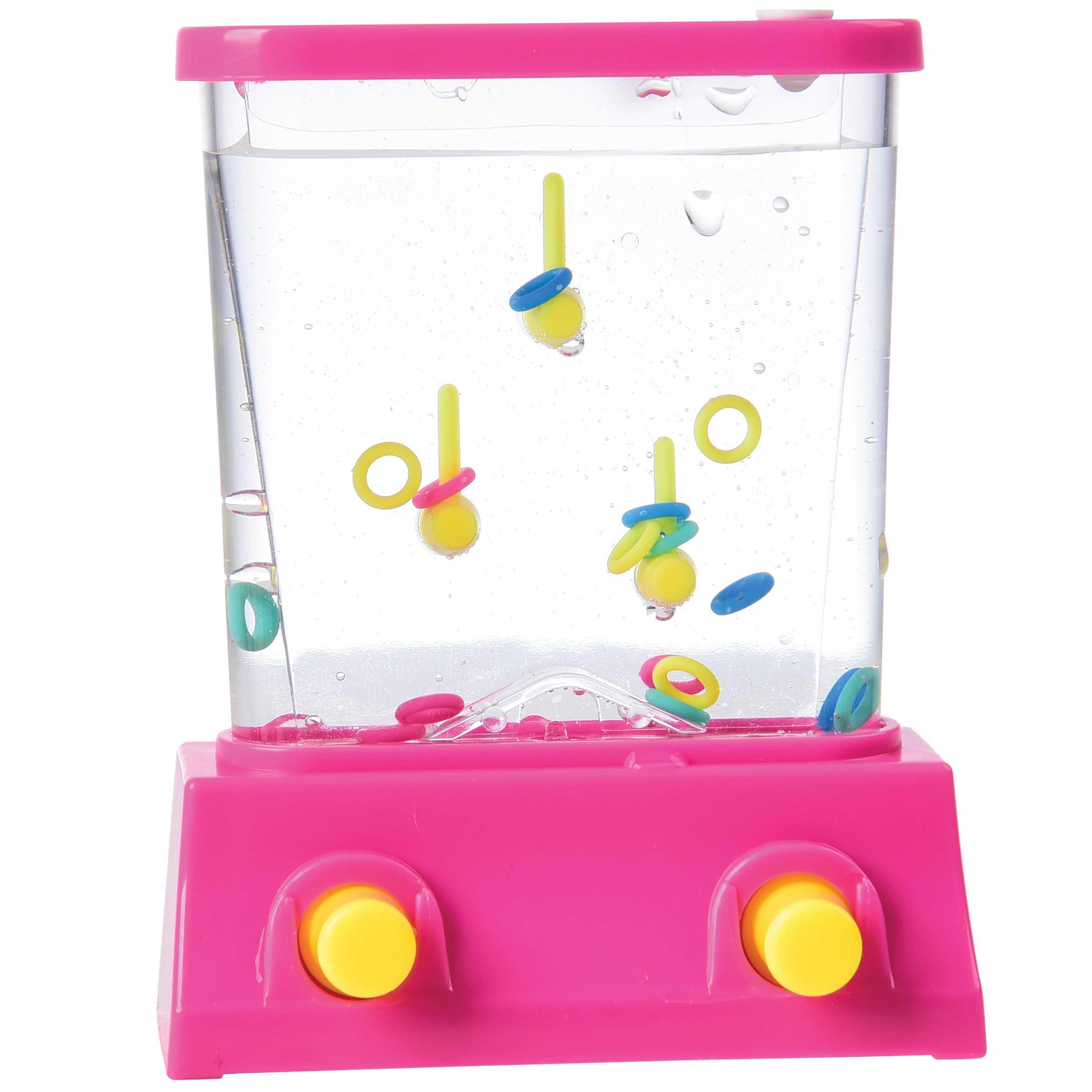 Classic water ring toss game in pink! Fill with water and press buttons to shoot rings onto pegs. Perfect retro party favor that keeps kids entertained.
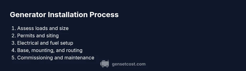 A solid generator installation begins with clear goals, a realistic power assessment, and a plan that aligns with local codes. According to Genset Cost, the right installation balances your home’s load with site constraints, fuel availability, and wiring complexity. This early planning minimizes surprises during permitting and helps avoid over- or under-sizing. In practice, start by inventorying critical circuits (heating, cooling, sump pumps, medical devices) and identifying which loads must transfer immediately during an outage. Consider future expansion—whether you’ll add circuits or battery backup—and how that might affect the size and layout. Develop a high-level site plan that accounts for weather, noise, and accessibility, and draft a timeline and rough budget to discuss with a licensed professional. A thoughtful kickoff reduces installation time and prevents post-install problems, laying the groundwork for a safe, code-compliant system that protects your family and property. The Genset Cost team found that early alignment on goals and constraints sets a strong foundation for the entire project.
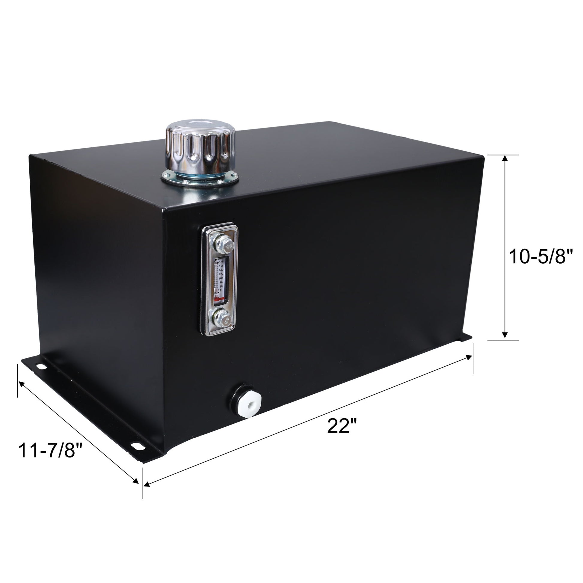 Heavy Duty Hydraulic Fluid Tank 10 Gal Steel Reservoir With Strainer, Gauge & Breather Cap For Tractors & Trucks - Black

..........

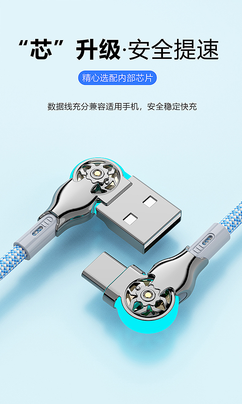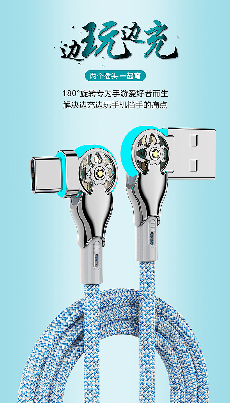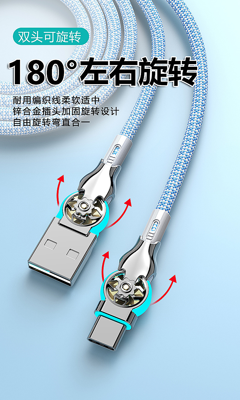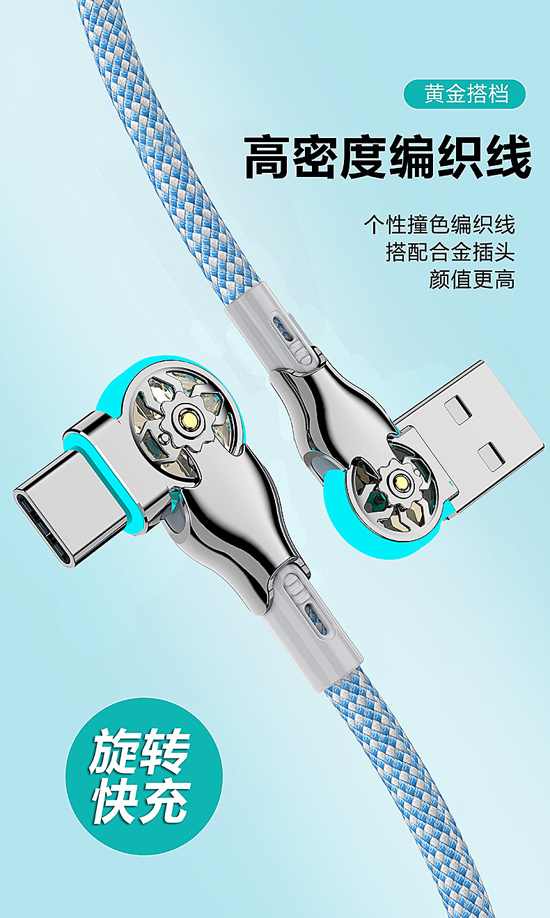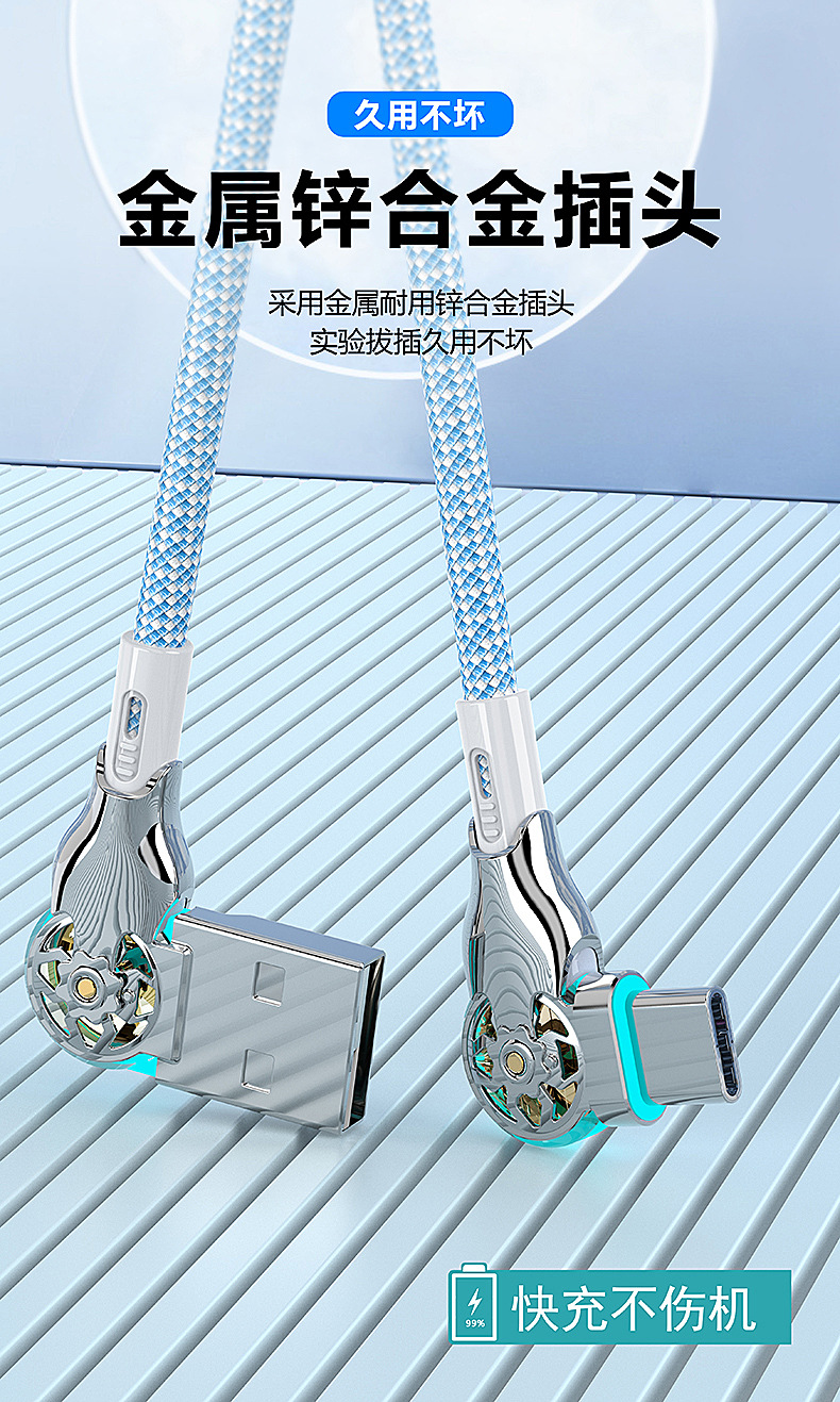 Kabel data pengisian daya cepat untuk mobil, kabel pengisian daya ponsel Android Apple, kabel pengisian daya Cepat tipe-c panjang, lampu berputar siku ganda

..........

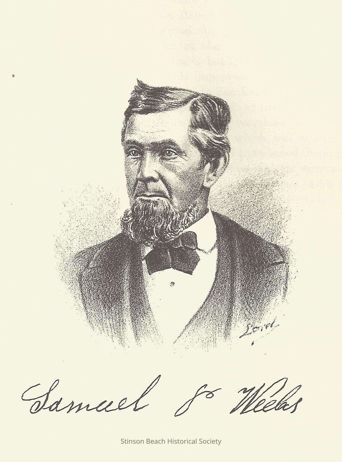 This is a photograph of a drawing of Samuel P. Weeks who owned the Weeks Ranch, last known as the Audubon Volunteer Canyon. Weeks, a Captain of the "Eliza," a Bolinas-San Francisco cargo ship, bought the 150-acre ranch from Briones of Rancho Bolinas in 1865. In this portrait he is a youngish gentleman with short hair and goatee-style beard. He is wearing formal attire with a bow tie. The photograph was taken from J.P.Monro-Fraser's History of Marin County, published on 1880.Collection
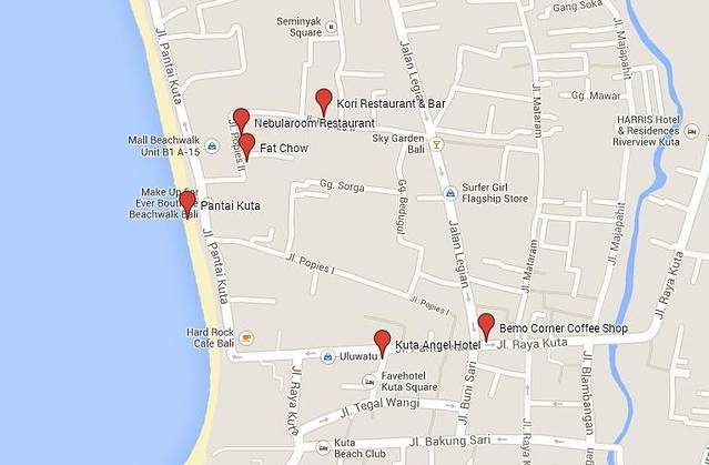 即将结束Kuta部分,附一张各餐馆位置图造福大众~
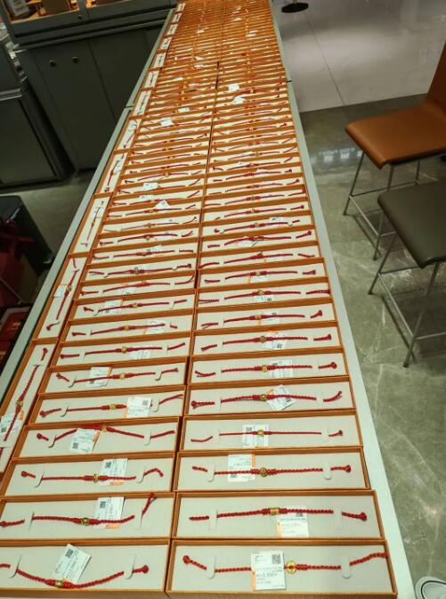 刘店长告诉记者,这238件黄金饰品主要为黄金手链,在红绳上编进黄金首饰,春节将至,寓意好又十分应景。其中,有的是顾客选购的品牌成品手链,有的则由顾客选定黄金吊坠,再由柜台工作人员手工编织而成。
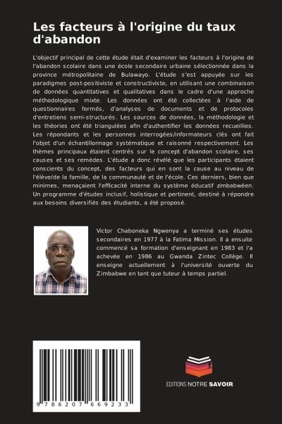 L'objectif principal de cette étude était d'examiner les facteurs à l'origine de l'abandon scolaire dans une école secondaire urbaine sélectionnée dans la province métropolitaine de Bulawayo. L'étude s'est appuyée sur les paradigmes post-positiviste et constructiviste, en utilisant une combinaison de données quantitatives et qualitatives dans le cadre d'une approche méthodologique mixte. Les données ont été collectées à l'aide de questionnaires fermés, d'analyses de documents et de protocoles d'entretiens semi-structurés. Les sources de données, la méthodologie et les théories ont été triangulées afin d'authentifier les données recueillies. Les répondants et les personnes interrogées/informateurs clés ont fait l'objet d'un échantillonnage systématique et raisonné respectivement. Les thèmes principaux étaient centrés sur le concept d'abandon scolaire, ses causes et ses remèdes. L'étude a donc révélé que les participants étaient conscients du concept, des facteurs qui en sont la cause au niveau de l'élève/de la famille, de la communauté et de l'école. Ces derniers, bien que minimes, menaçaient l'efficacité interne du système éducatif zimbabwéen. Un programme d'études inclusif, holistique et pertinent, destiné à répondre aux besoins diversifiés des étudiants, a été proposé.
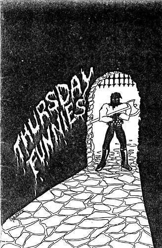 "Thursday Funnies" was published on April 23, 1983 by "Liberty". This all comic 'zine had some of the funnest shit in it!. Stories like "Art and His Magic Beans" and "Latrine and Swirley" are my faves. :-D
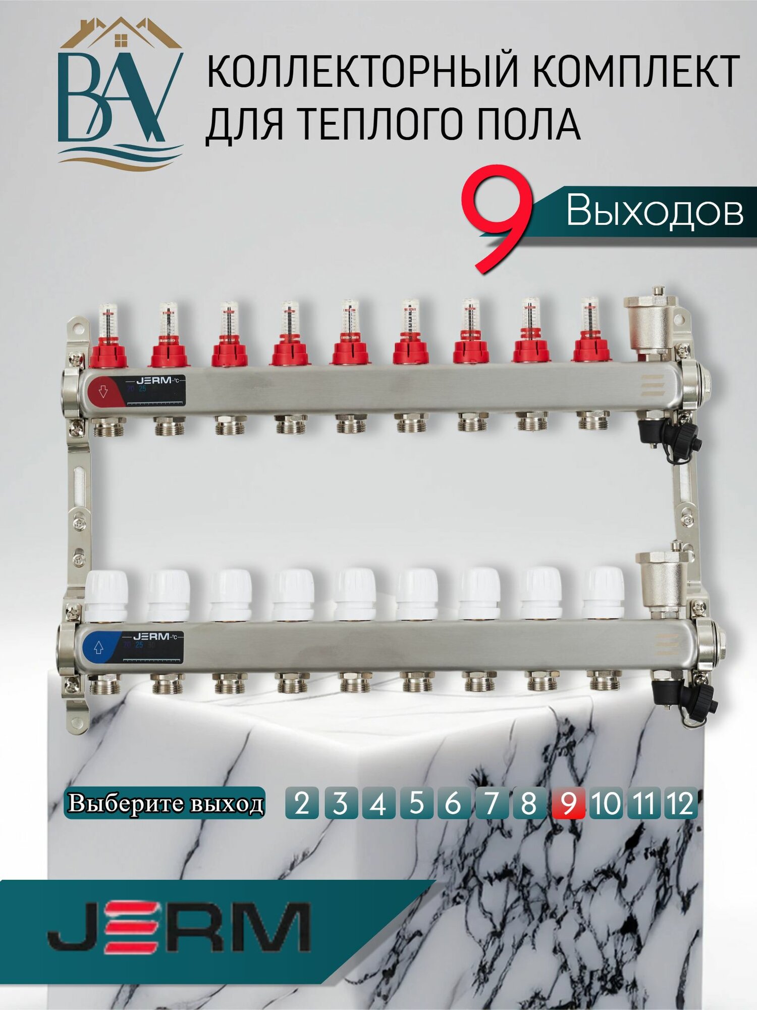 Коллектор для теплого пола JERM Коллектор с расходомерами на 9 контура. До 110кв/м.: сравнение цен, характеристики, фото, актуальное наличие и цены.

..........

▶ What you will do:
Using the records above, repeat exactly the run of lines that starts with the line with "Classic water ring" and goes on through the line with "Heavy Duty Hydraulic"; omit each picture.

▶ Answer to the problem:
 Classic water ring toss game in pink! Fill with water and press buttons to shoot rings onto pegs. Perfect retro party favor that keeps kids entertained.
 A solid generator installation begins with clear goals, a realistic power assessment, and a plan that aligns with local codes. According to Genset Cost, the right installation balances your home’s load with site constraints, fuel availability, and wiring complexity. This early planning minimizes surprises during permitting and helps avoid over- or under-sizing. In practice, start by inventorying critical circuits (heating, cooling, sump pumps, medical devices) and identifying which loads must transfer immediately during an outage. Consider future expansion—whether you’ll add circuits or battery backup—and how that might affect the size and layout. Develop a high-level site plan that accounts for weather, noise, and accessibility, and draft a timeline and rough budget to discuss with a licensed professional. A thoughtful kickoff reduces installation time and prevents post-install problems, laying the groundwork for a safe, code-compliant system that protects your family and property. The Genset Cost team found that early alignment on goals and constraints sets a strong foundation for the entire project.
 Heavy Duty Hydraulic Fluid Tank 10 Gal Steel Reservoir With Strainer, Gauge & Breather Cap For Tractors & Trucks - Black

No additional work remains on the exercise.